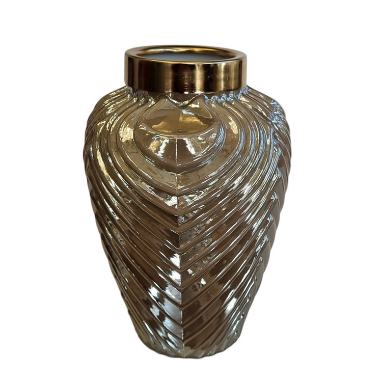 گلدان شیشه ای مدل هشتی ،گزینه مناسبی برای قرارگیری در چیدمان منزل و محل کار شماست.دهانه ی فلزی آبکاری شده به رنگ طلایی و رنگ ثابت این گلدان به قدری است که قابلیت جایگیری حجم قابل توجهی از گل را دارد و علاوه بر آن میتواند تنها به عنوان عنصری تزیینی در چیدمان مورد استفاده قرار گیرد.
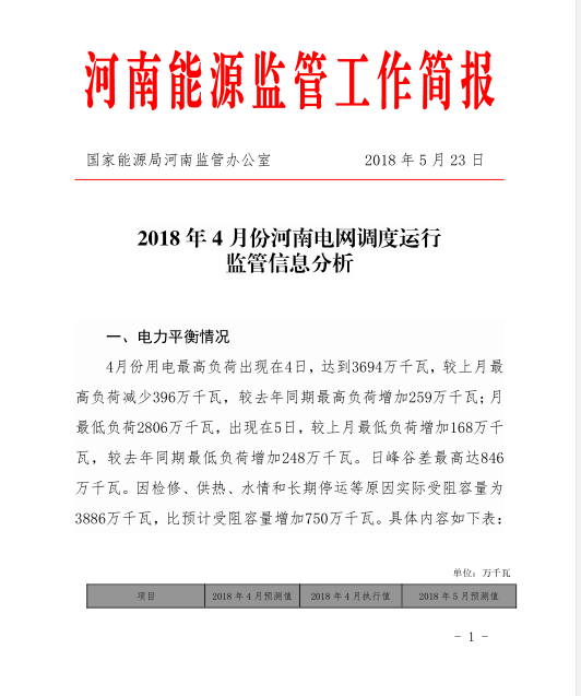 國家能源局河南監(jiān)管辦公室日前發(fā)布了《2018 年4月份河南電網調度運行監(jiān)管信息分析》,其中一、電力平衡情況:4月份用電最高負荷出現(xiàn)在4日...
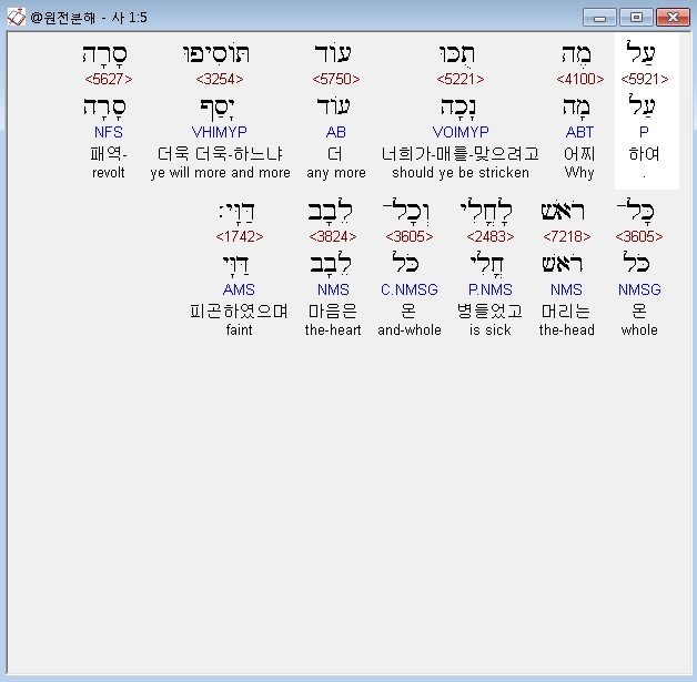 히브리어구약BHS,5 עַל מֶה תֻכּוּ עֹוד תֹּוסִיפוּ סָרָה כָּל־רֹאשׁ לָחֳלִי וְכָל־לֵבָב דַּוָּי׃
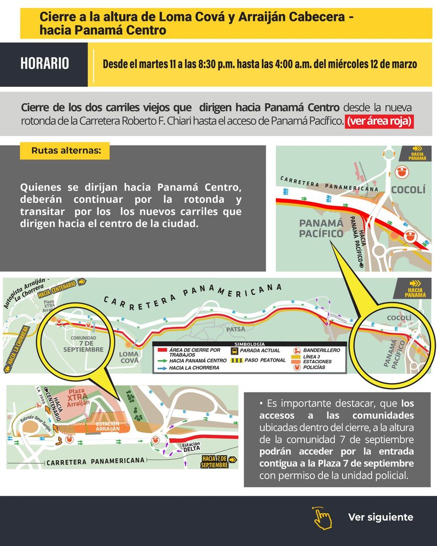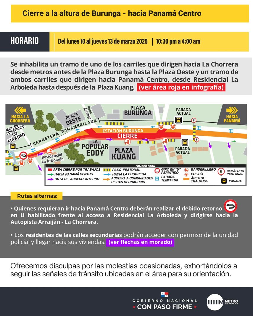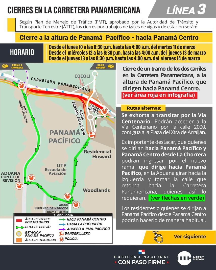 El Metro de Panamá informó sobre los cierres que se llevarán a cabo en la carretera Panamericana debido a los trabajos de izaje de vigas en la Línea 3 . Estos trabajos se realizarán desde este lunes 10 hasta viernes 14 de marzo, afectando los siguientes puntos: Panamá Pacífico en dirección a Panamá Centro, Loma Cová y Arraiján cabecera, Burunga hacia Panamá Centro.

____________________

## Task objective:
Drop the pictures and give every line above again exactly.

## Result of the exercise:
 گلدان شیشه ای مدل هشتی ،گزینه مناسبی برای قرارگیری در چیدمان منزل و محل کار شماست.دهانه ی فلزی آبکاری شده به رنگ طلایی و رنگ ثابت این گلدان به قدری است که قابلیت جایگیری حجم قابل توجهی از گل را دارد و علاوه بر آن میتواند تنها به عنوان عنصری تزیینی در چیدمان مورد استفاده قرار گیرد.
 國家能源局河南監(jiān)管辦公室日前發(fā)布了《2018 年4月份河南電網調度運行監(jiān)管信息分析》,其中一、電力平衡情況:4月份用電最高負荷出現(xiàn)在4日...
 히브리어구약BHS,5 עַל מֶה תֻכּוּ עֹוד תֹּוסִיפוּ סָרָה כָּל־רֹאשׁ לָחֳלִי וְכָל־לֵבָב דַּוָּי׃
 El Metro de Panamá informó sobre los cierres que se llevarán a cabo en la carretera Panamericana debido a los trabajos de izaje de vigas en la Línea 3 . Estos trabajos se realizarán desde este lunes 10 hasta viernes 14 de marzo, afectando los siguientes puntos: Panamá Pacífico en dirección a Panamá Centro, Loma Cová y Arraiján cabecera, Burunga hacia Panamá Centro.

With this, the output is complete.